Upload an image or PDF. Get intelligent analysis back. Inference runs locally on a desktop RTX 5090 via LM Studio, reachable from AWS via Tailscale Funnel.


Table of Contents

  1. Architecture
  2. Prerequisites
  3. Deploy to AWS
  4. Deploy the Frontend
  5. Local Development
  6. Desktop Worker
  7. Testing
  8. Project Structure
  9. Documentation
  10. Environment Variables

Architecture

Browser
  │  (1) POST /api/presign  →  presigned S3 PUT URL
  │  (2) PUT file directly to S3  (no Lambda, full throughput)
  │  (3) POST /api/analyze  →  202 + jobId
  │  (4) GET  /api/status/{jobId}  (poll every 4 s)
  │
  ▼
CloudFront (app.omlahiri.com)
  ├── /api/*  →  API Gateway  →  Lambda (Python)
  │                                    │
  │                     fast path: async Lambda invoke → analyze_orchestrator
  │                    (desktop unreachable: fallback to SQS queue below)
  │
  │                     offline path: SQS queue
  │                          │
  │                     Desktop worker (home RTX 5090)
  │                          │  long-polls SQS
  │                          └→ LM Studio (Qwen3.5-35B, via Tailscale Funnel)
  │                                    │
  │                          DynamoDB job record ← writes result
  │
  └── /*  →  S3 (React SPA)

How it works

  1. Presign/api/presign returns a signed S3 PUT URL scoped to a single key, content type, and 5-minute expiry.
  2. Upload — browser PUTs the file directly to S3, bypassing Lambda's 10 MB limit.
  3. Analyze/api/analyze accepts {s3Key, lang, mode} and always returns 202 + jobId immediately.
    • fast mode: analyze_router checks if the desktop is alive (pings /v1/models). If yes, it invokes analyze_orchestrator asynchronously and returns.
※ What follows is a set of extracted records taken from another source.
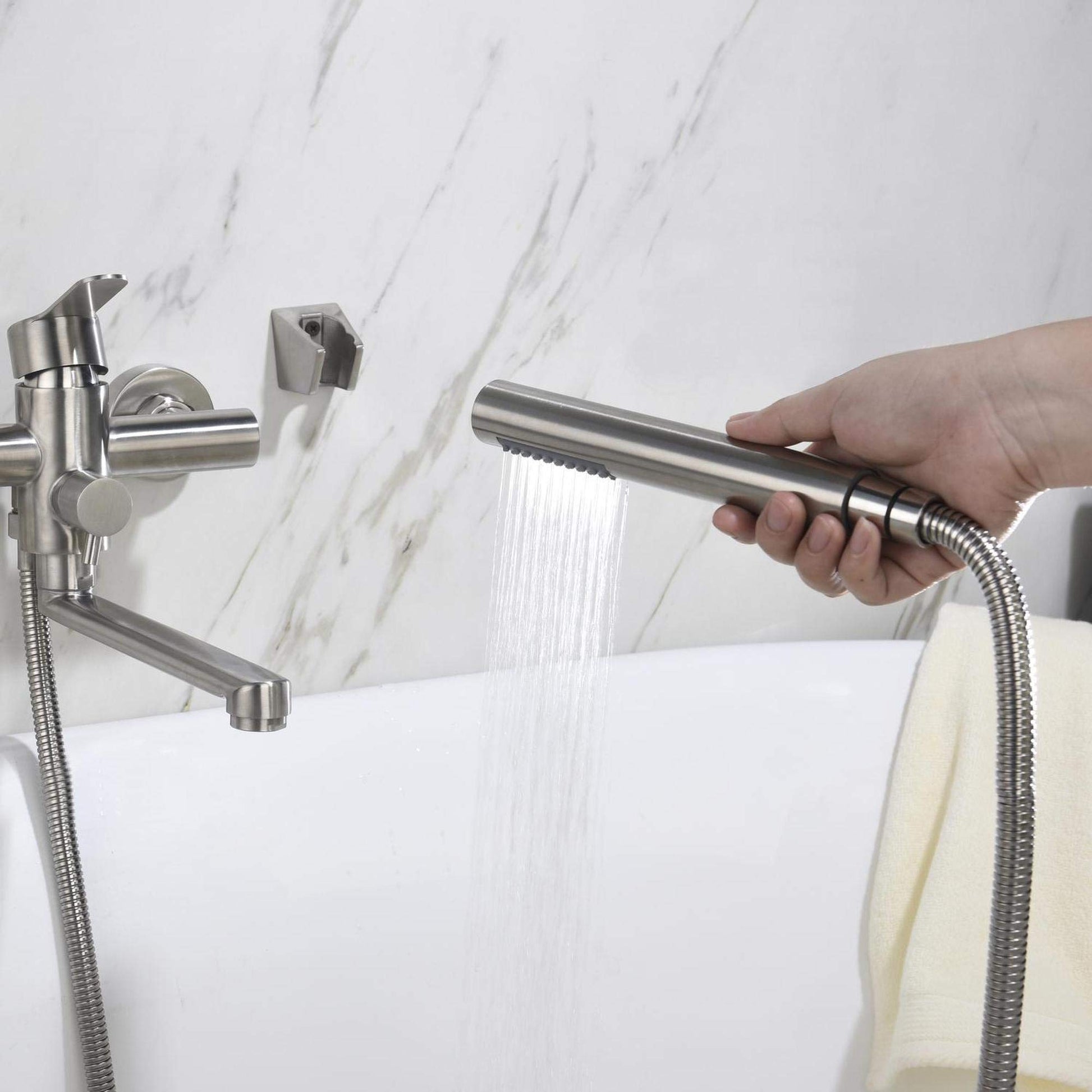 HomeLava bathtub faucet with handheld shower bathtub faucet surface mounted single lever mixer for wall mounting brushed stainless steel tub valve with diverter single lever faucet mixer with 1.5m shower hose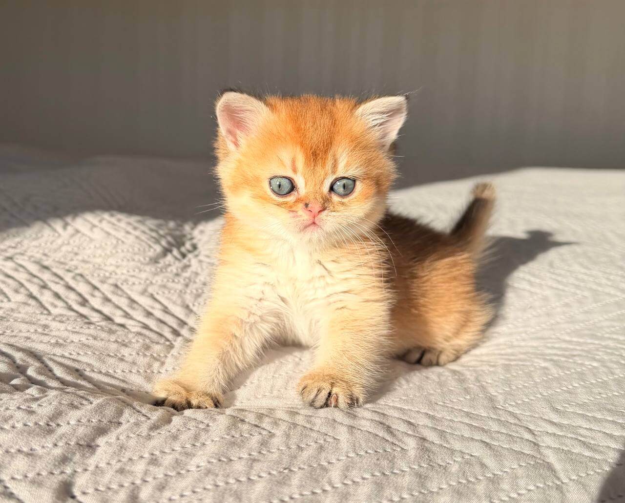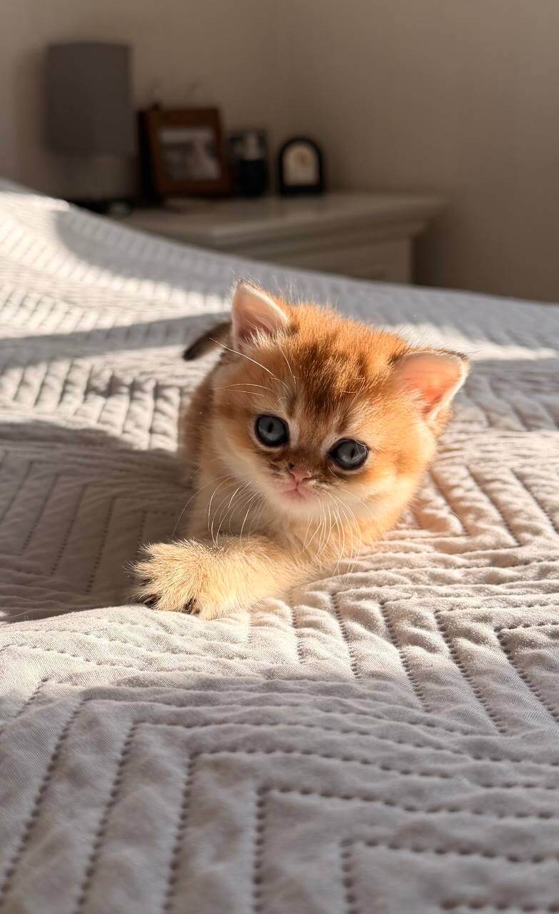 Kitty greets you at the door with a gentle tail curl, content to sit at your feet and purr herself into a nap on your lap. Curious yet composed, she inspects new toys with careful precision, often draping herself on sunny windowsills while observing the world. Scottish Straights are famously serene, and Kitty’s trusting, close companionship will make every ordinary moment special.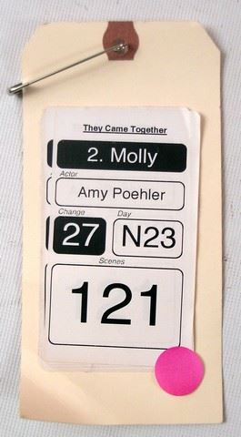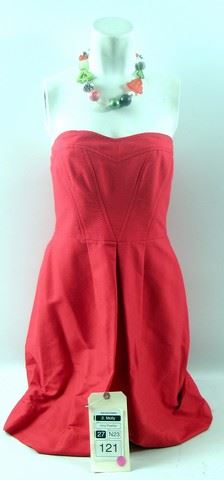Molly (Amy Poehler) screen worn, hero, red ribbed strapless with sweetheart neckline, full skirt and pockets 'Shoshanna' dress, and large beaded necklace. Includes wardrobe tag!
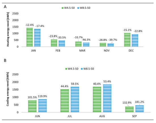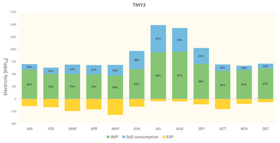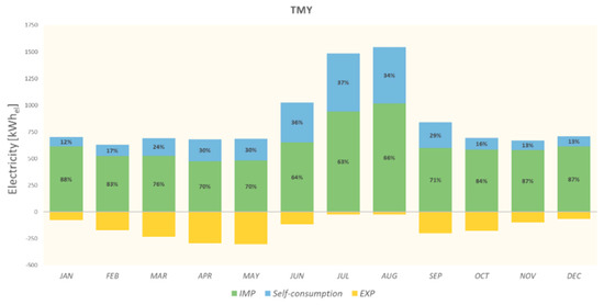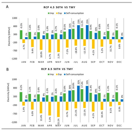 The monthly energy balances obtained with the medium-term projections are reported below for evaluating how climate change affects the energy balance of the retrofitted building. In particular, the aim of this analysis is to understand which peak power of the PV system is most suitable to allow the retrofitted building to cope with the effects of the expected climate change. The maximum and minimum values of the peak power of the PV system are taken into consideration. Starting from the case with 3.3 kWp, both for the “strong mitigation” future scenario (Figure 20A) and the “business as usual” scenario (Figure 19B), there are no important variations of the imported and self-consumed electricity in the winter and intermediate months. Furthermore, in these months, the increased PV production leads to an average percentage increase of exported electricity, equal to 7% with RCP 4.5 and 8% with RCP 8.5. Among the intermediate months, the two future scenarios show the greatest differences in May. Indeed, compared to TMY results, the exported energy shows an increase of 2% with W4.5-50 and of 16% with W8.5-50. In the months of the cooling season, in addition to the different PV production, there are the effects of changes in energy needs. Compared to the simulation with the current climate file, both the electricity imported from the electricity grid and self-consumption increase, mainly with the “business as usual” scenario. For instance, in July, the retrofitted building imports 929 kWhel (+21%) with RCP 4.5 and 983 kWhel (+28%) with RCP 8.5. The energy exported to the grid should decrease in the months of July and August. In general, the expected minimum power results in very low levels of electricity exported in all months. At the same time, the building is unable to cope with the increase of consumption in the summer months. Different conclusions can be found with the highest peak power in Figure 21. In this case, the high electricity generation from photovoltaics allows counterbalancing the imported energy since the increase in self-consumption prevails. At the same time, the energy exported to the grid in the summer months reaches acceptable values, lower than the values observed in February and March. For instance, in August, the electricity imported from the grid in the case of W4.5-50 (Figure 21A) goes from 967 kWhel with 3.3 kWp to 690 kWhel with 6.9 kWp. Therefore, imported electricity is reduced by about 29%. At the same time, with the “business as usual” scenario, the imported energy varies from about 1044 kWhel to about 729 kWhel (−30%).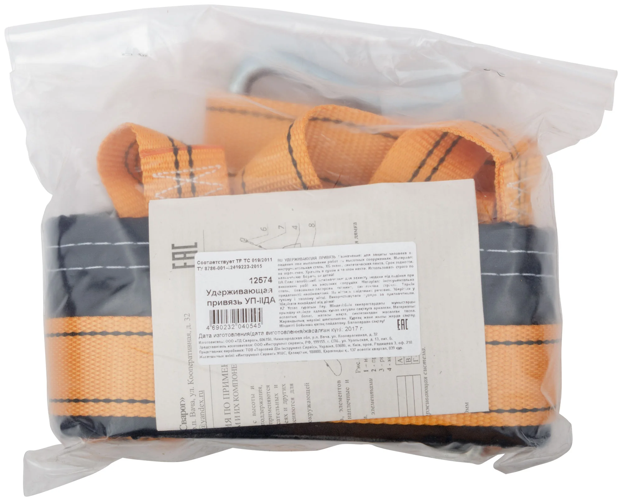 Привязь имеет три точки крепления, что позволяет равномерно распределить нагрузку и обеспечить дополнительную безопасность. Упаковка из полиэтилена защищает изделие при транспортировке и хранении.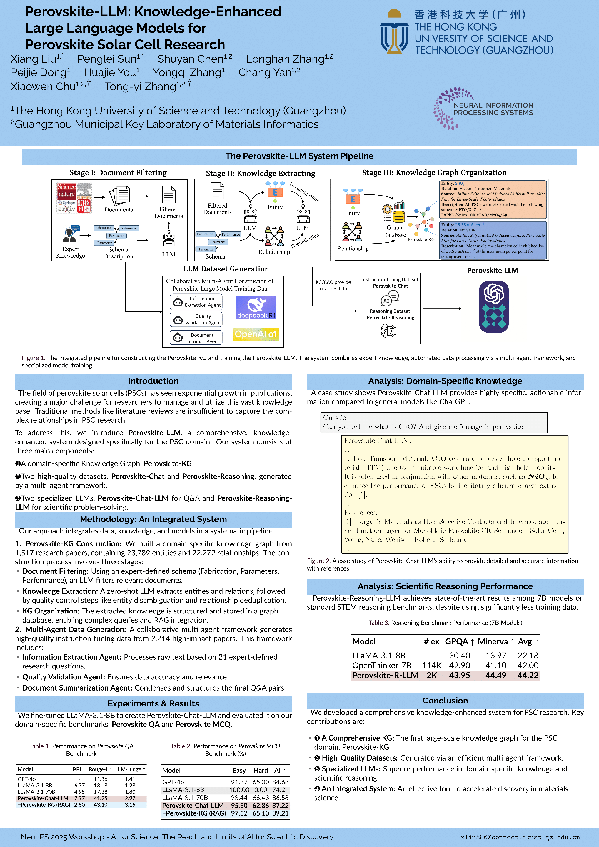 The rapid advancement of perovskite solar cells (PSCs) has led to an exponential growth in research publications, creating an urgent need for efficient knowledge management and reasoning systems in this domain. We present a comprehensive knowledge-enhanced system for PSCs that integrates three key components. First, we develop Perovskite-KG, a domain-specific knowledge graph constructed from 1,517 research papers, containing 23,789 entities and 22,272 relationships. Second, we create two complementary datasets: Perovskite-Chat, comprising 55,101 high-quality question-answer pairs generated through a novel multi-agent framework, and Perovskite-Reasoning, containing 2,217 carefully curated materials science problems. Third, we introduce two specialized large language models: Perovskite-Chat-LLM for domain-specific knowledge assistance and Perovskite-Reasoning-LLM for scientific reasoning tasks. Experimental results demonstrate that our system significantly outperforms existing models in both domain-specific knowledge retrieval and scientific reasoning tasks, providing researchers with effective tools for literature review, experimental design, and complex problem-solving in PSC research.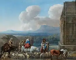 His landscapes often include battle or military scenes with many figures.[14] His landscapes are in an Italianate style. One of his paintings representing a Market in the Roman Campagna was formerly attributed to the Flemish Italianate painter Anton Goubau.[15] Other of his landscapes tend towards the genre scenes painted by the group of Flemish and Dutch painters in Rome known as the Bamboccianti.[16] The Bamboccianti comprised mostly Dutch and Flemish artists who had brought existing traditions of depicting peasant subjects from sixteenth-century Netherlandish art with them to Italy,[17] and generally created small cabinet paintings or etchings of the everyday life of the lower classes in Rome and its countryside.[18]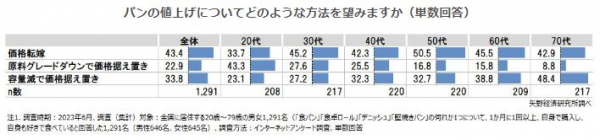 【矢野経済研究所プレスリリース】パンの消費に関する消費者アンケート調査を実施(2023年) パンの値上げ方法は若年層ほど容量減を望まず、高齢層ほど原料グレードダウンを望まない傾向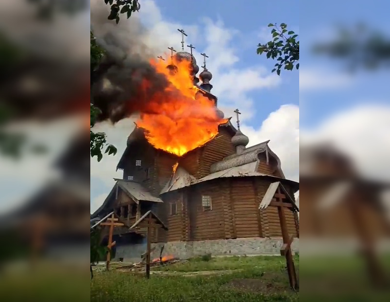Flames could be seen ripping through the timber walls of a church with onion domes in footage posted by Zelensky on his official Telegram channel.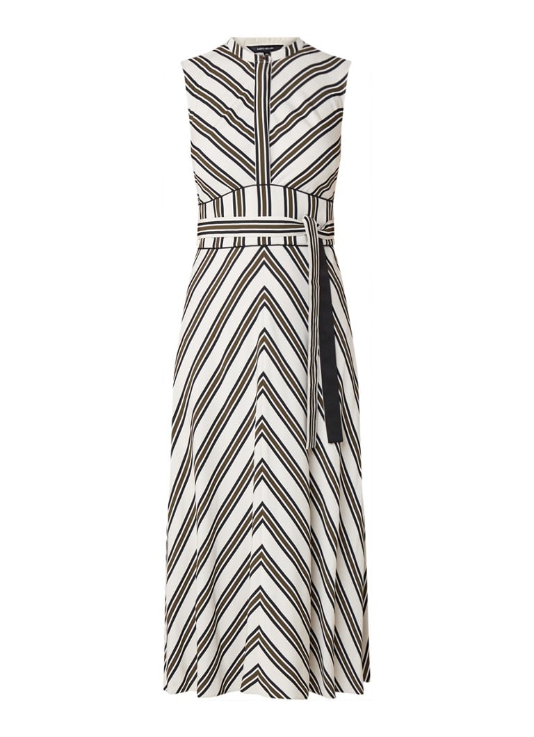 Karen Millen Mouwloze Maxi Jurk Met Streepdessin En Strikceintuur

If the desktop is offline, it falls back to the SQS queue.
    • offline mode: always enqueues to SQS; the desktop worker picks it up when available.
  4. Status — browser polls /api/status/{jobId} which reads DynamoDB. Terminal states: COMPLETED (with result) or FAILED (with error message).
  5. Desktop workerworker/worker.py runs on the RTX 5090. It long-polls SQS, downloads uploads from S3, calls LM Studio locally, and writes results back to DynamoDB.

CDK Stacks

Stack Resources
ColdbonesStorage S3 (uploads + site), CloudFront, DynamoDB, Route53, ACM
ColdbonesQueue SQS (main + DLQ), SNS
ColdbonesApi Lambda × 5, API Gateway, IAM

Prerequisites

  1. AWS CLI configured (aws configure) for us-east-1
  2. Node.js 20+ and Python 3.12+ installed
  3. CDK dependencies installed:
    cd infrastructure && npm install
  4. Desktop worker set up — see worker/SETUP.md

Deploy to AWS

# From the repo root — deploys Storage → Queue → Api in order:
./scripts/deploy.sh

# Or deploy individual stacks:
./scripts/deploy.sh storage
./scripts/deploy.sh queue
./scripts/deploy.sh api

First-time deploy order:

1. deploy.sh storage   → creates S3, CloudFront, DynamoDB
2. deploy.sh queue     → creates SQS queue (needed by Api lambdas)
3. deploy.sh api       → creates Lambdas + API Gateway
4. Set cdk.json:       coldbones.apiGatewayDomain = <domain from cdk-outputs.json>
5. deploy.sh storage   → adds CloudFront /api/* behavior pointing at API Gateway
6. deploy-frontend.sh  → builds React app and syncs to S3

After deploying, the app is live at https://app.omlahiri.com.


Deploy the Frontend

./scripts/deploy-frontend.sh

Builds the Vite app, syncs it to S3, and invalidates the CloudFront cache. Reads bucket name and distribution ID from scripts/cdk-outputs.json.


Local Development

Backend (FastAPI — local dev only)

The backend/ server is a local dev shim. It accepts the same API contract as the Lambda functions but runs entirely in-process: uploads are stored in memory, and inference goes directly to LM Studio via Tailscale.

cd backend
pip install -r requirements.txt
LM_STUDIO_URL=https://seratonin.tail40ae2c.ts.net uvicorn main:app --reload --port 8000

Frontend

cd frontend
npm install
npm run dev          # http://localhost:5173

Set VITE_API_BASE_URL=http://localhost:8000 (or leave empty to use CloudFront in production).


Desktop Worker

The worker runs on the home RTX 5090. See worker/SETUP.md for full setup instructions including Tailscale Funnel config, LM Studio, and AWS SSM parameters.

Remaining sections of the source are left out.